● Your instructions: Take the line containing "Festligt guldiga konfettiballonger" and each line after it through the end of the data below, and return them exactly, minus any pictures.

*** Data supplied

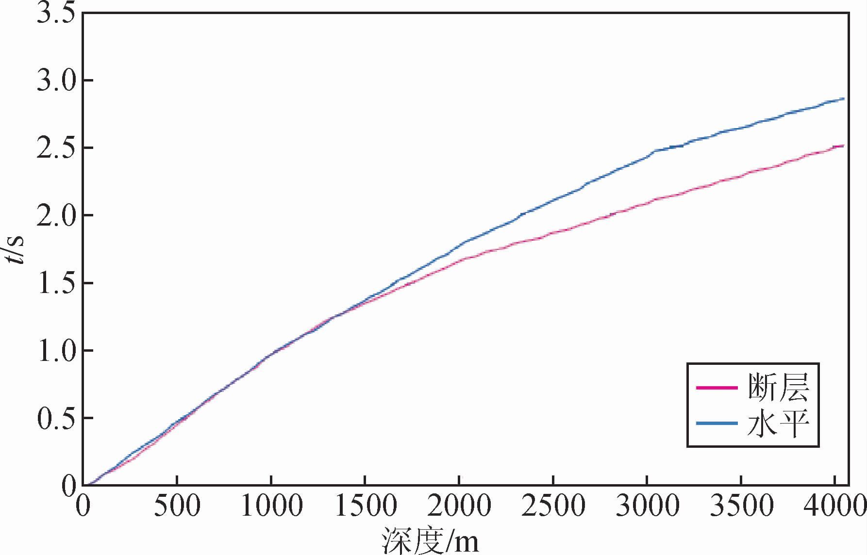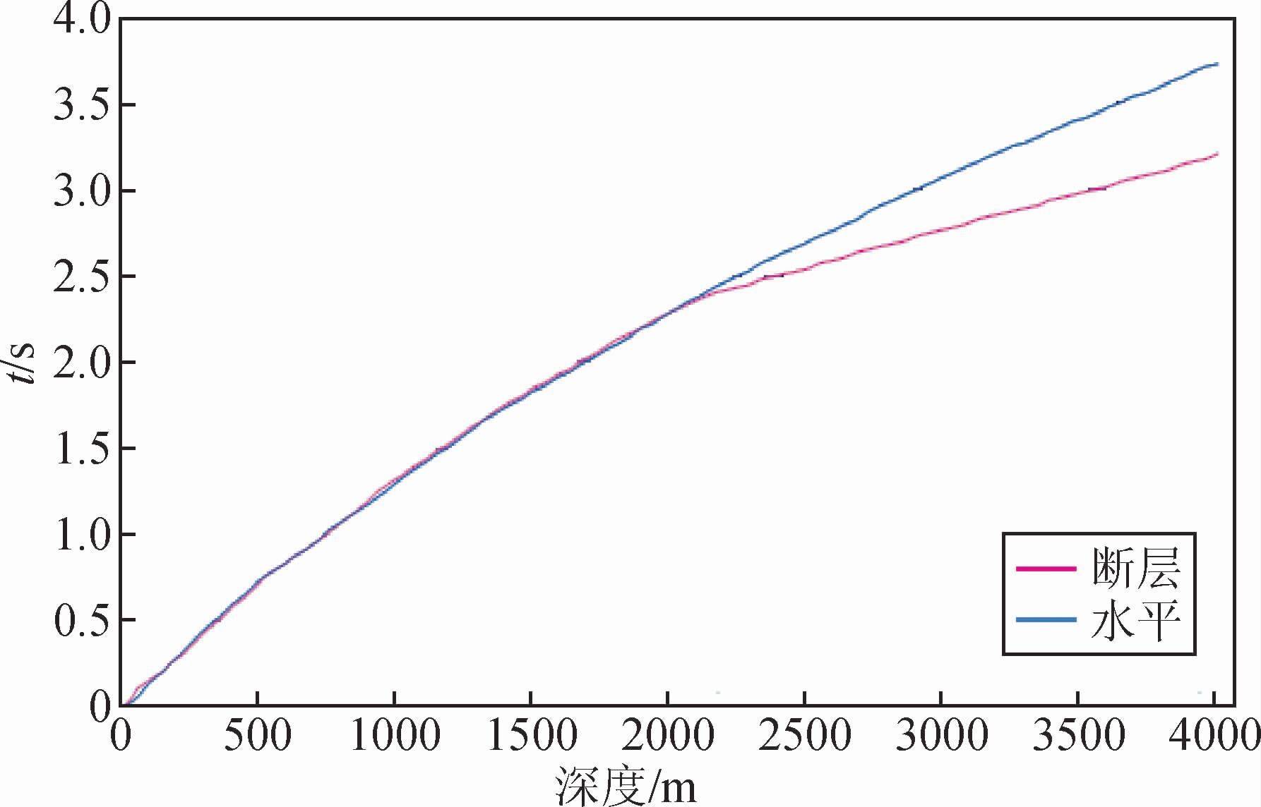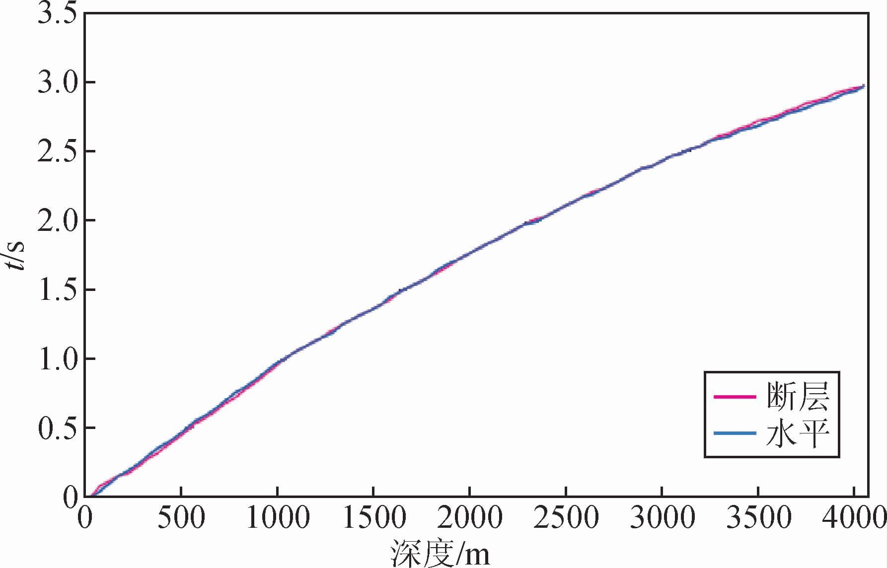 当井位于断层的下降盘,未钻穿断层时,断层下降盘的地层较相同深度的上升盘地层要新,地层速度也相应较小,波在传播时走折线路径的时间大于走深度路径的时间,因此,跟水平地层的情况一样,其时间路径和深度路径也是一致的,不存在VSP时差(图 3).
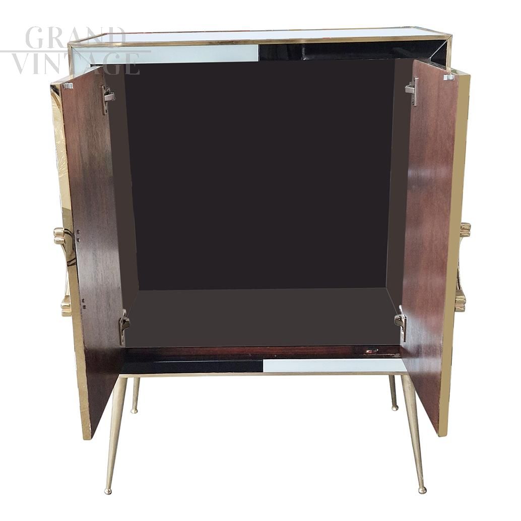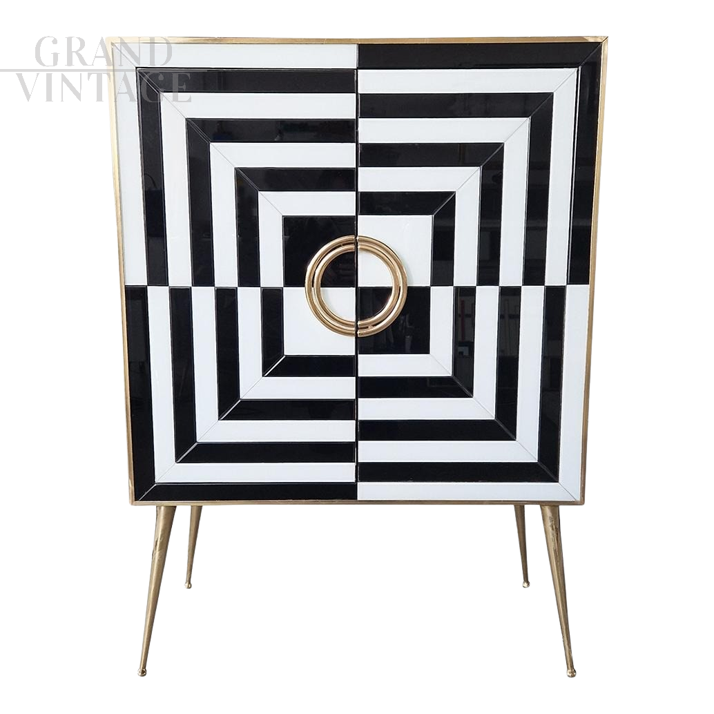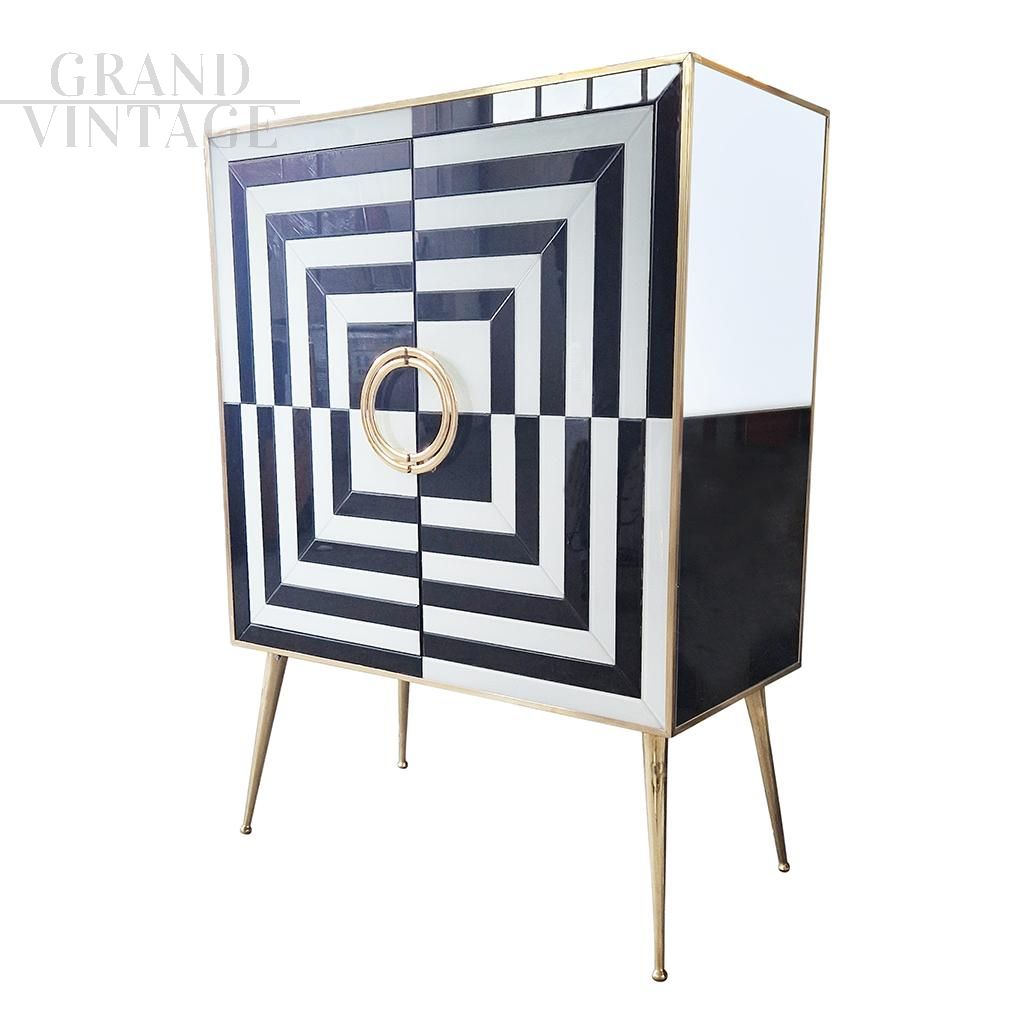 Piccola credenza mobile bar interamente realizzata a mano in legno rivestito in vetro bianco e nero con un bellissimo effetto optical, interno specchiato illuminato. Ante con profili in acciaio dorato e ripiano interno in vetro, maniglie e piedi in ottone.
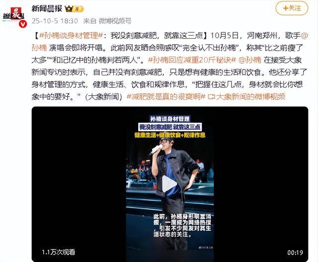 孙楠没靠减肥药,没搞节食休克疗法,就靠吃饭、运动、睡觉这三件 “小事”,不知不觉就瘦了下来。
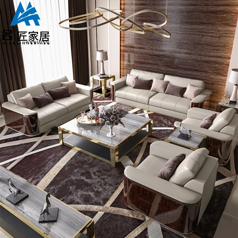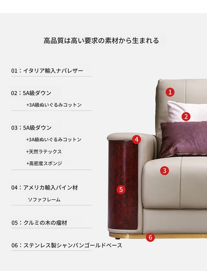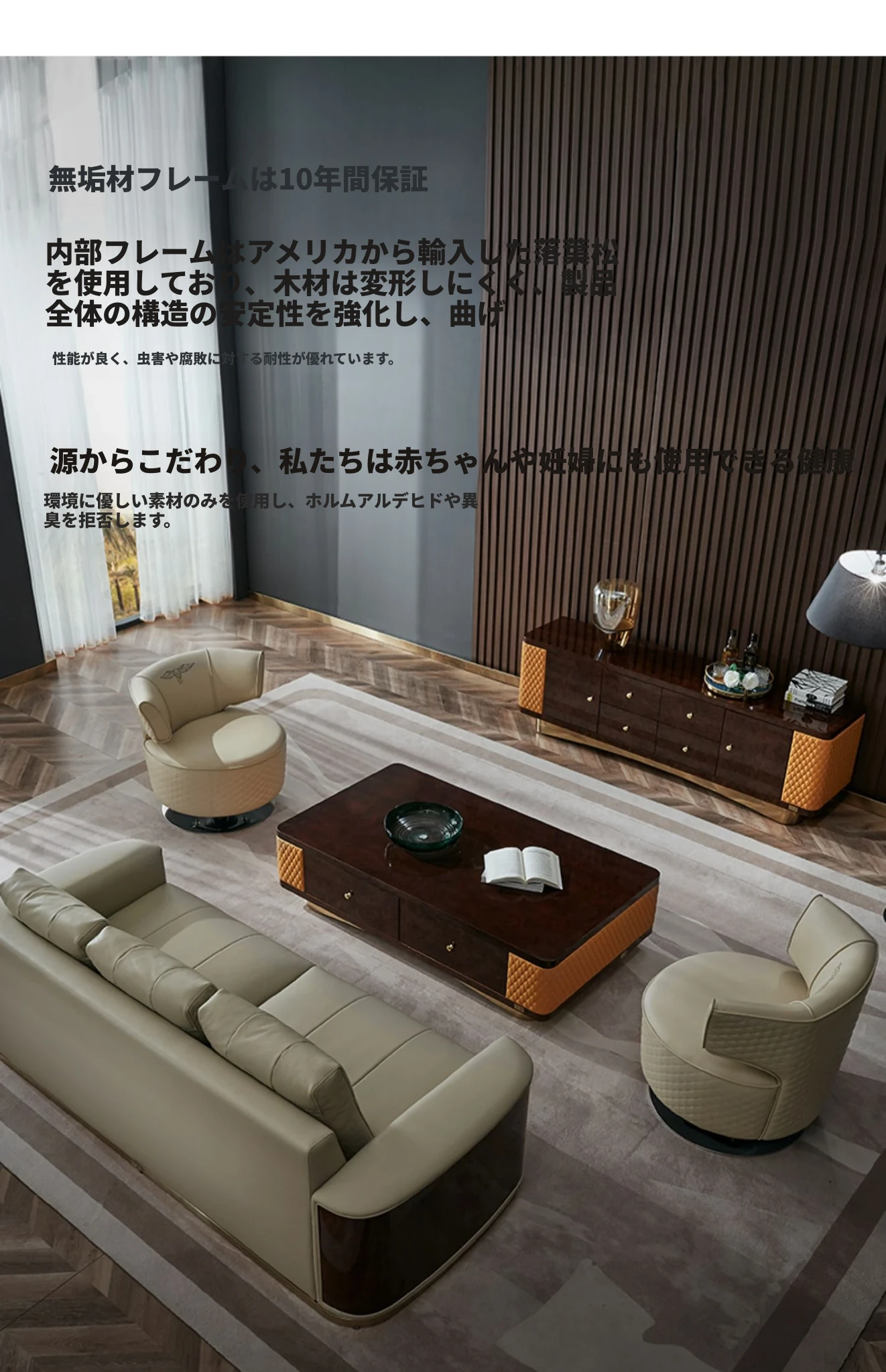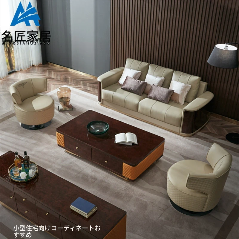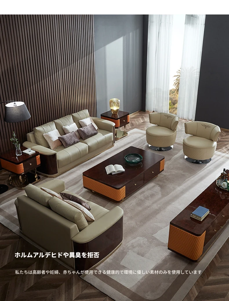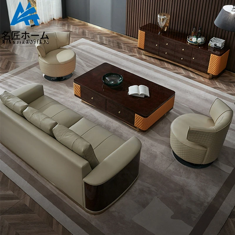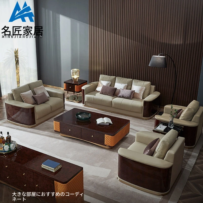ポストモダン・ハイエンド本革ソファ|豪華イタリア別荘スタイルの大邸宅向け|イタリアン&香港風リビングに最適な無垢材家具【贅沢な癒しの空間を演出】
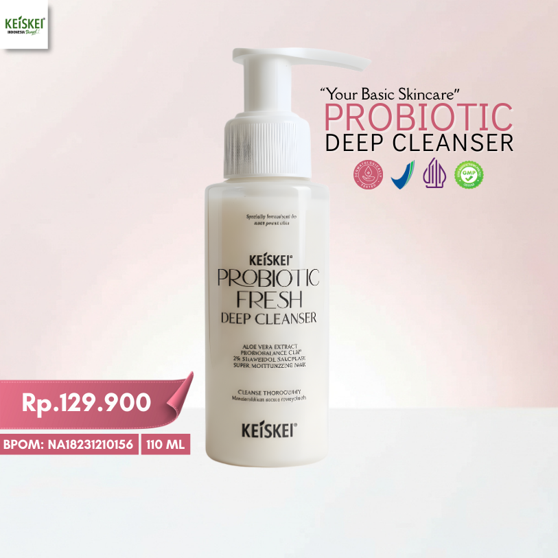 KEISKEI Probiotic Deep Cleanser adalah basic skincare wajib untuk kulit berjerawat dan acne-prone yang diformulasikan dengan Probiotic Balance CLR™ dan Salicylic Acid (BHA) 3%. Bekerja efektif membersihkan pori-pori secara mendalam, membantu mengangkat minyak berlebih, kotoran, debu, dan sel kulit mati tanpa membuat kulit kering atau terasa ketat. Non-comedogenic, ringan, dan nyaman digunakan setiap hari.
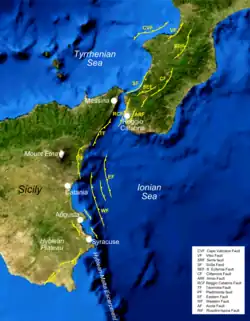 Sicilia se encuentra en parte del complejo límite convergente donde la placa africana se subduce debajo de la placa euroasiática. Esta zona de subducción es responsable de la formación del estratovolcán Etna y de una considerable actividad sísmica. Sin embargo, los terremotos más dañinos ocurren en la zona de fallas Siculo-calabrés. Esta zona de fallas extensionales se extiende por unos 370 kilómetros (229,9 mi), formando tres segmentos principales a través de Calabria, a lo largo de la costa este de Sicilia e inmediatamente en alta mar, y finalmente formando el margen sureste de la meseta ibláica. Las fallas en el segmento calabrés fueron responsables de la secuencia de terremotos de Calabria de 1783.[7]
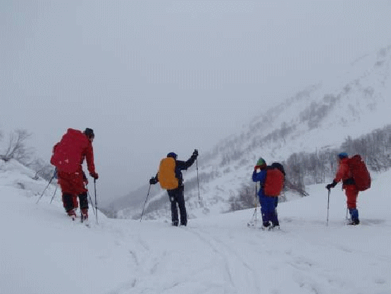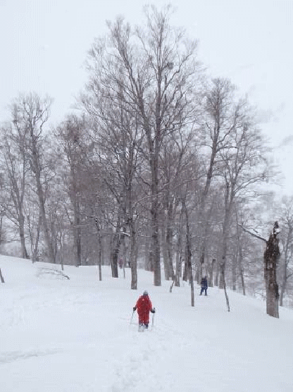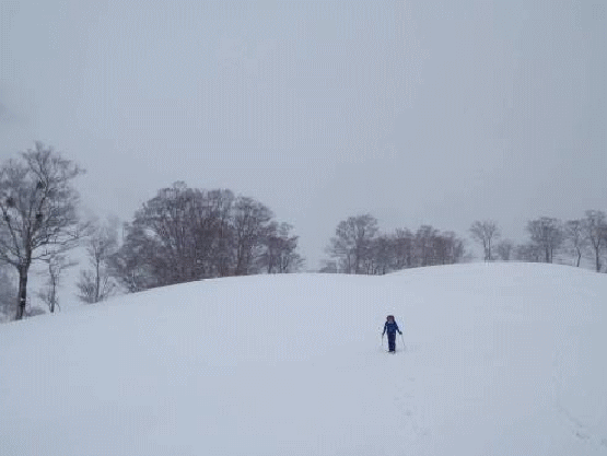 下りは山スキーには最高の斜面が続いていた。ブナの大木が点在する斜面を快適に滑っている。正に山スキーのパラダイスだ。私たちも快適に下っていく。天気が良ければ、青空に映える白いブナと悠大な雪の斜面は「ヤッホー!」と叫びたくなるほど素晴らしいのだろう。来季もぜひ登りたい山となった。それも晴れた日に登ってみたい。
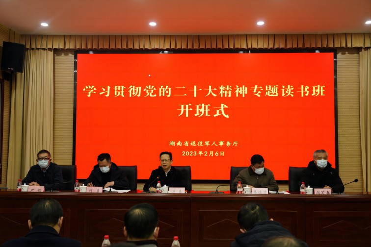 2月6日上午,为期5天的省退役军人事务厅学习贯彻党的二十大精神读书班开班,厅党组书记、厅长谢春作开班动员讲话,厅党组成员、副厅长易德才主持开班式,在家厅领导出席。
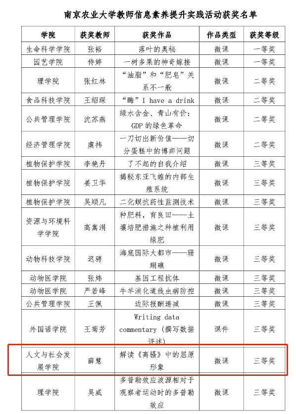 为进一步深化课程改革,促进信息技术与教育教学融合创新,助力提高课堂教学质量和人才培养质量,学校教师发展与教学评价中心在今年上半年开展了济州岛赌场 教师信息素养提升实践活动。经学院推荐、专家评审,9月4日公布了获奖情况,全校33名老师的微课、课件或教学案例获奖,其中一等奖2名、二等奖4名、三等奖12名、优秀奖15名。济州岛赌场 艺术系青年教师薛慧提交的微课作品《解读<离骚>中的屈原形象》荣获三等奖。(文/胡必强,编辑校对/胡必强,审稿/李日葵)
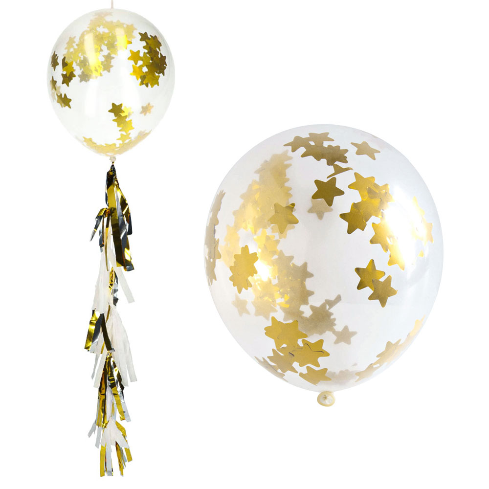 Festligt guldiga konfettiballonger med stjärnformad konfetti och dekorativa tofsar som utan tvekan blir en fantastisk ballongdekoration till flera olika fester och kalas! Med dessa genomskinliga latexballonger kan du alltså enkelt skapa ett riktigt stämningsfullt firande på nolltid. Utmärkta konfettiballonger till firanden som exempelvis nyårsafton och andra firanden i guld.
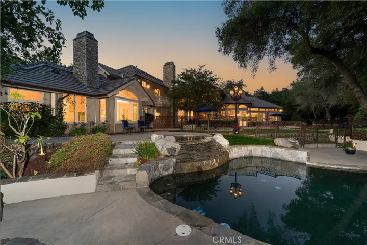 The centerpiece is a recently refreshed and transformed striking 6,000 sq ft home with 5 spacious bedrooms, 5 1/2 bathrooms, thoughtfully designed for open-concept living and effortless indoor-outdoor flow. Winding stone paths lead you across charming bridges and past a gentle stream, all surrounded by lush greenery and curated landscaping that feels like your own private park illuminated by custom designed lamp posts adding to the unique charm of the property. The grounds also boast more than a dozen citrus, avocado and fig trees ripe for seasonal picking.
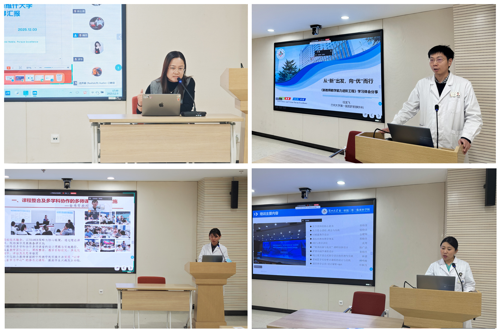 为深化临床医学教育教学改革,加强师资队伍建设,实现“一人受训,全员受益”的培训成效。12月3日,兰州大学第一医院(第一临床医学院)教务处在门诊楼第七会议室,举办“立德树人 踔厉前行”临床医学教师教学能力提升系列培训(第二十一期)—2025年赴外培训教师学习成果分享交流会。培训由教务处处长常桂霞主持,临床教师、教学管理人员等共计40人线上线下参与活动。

******

● Solution to this task:
 Festligt guldiga konfettiballonger med stjärnformad konfetti och dekorativa tofsar som utan tvekan blir en fantastisk ballongdekoration till flera olika fester och kalas! Med dessa genomskinliga latexballonger kan du alltså enkelt skapa ett riktigt stämningsfullt firande på nolltid. Utmärkta konfettiballonger till firanden som exempelvis nyårsafton och andra firanden i guld.
 The centerpiece is a recently refreshed and transformed striking 6,000 sq ft home with 5 spacious bedrooms, 5 1/2 bathrooms, thoughtfully designed for open-concept living and effortless indoor-outdoor flow. Winding stone paths lead you across charming bridges and past a gentle stream, all surrounded by lush greenery and curated landscaping that feels like your own private park illuminated by custom designed lamp posts adding to the unique charm of the property. The grounds also boast more than a dozen citrus, avocado and fig trees ripe for seasonal picking.
 为深化临床医学教育教学改革,加强师资队伍建设,实现“一人受训,全员受益”的培训成效。12月3日,兰州大学第一医院(第一临床医学院)教务处在门诊楼第七会议室,举办“立德树人 踔厉前行”临床医学教师教学能力提升系列培训(第二十一期)—2025年赴外培训教师学习成果分享交流会。培训由教务处处长常桂霞主持,临床教师、教学管理人员等共计40人线上线下参与活动。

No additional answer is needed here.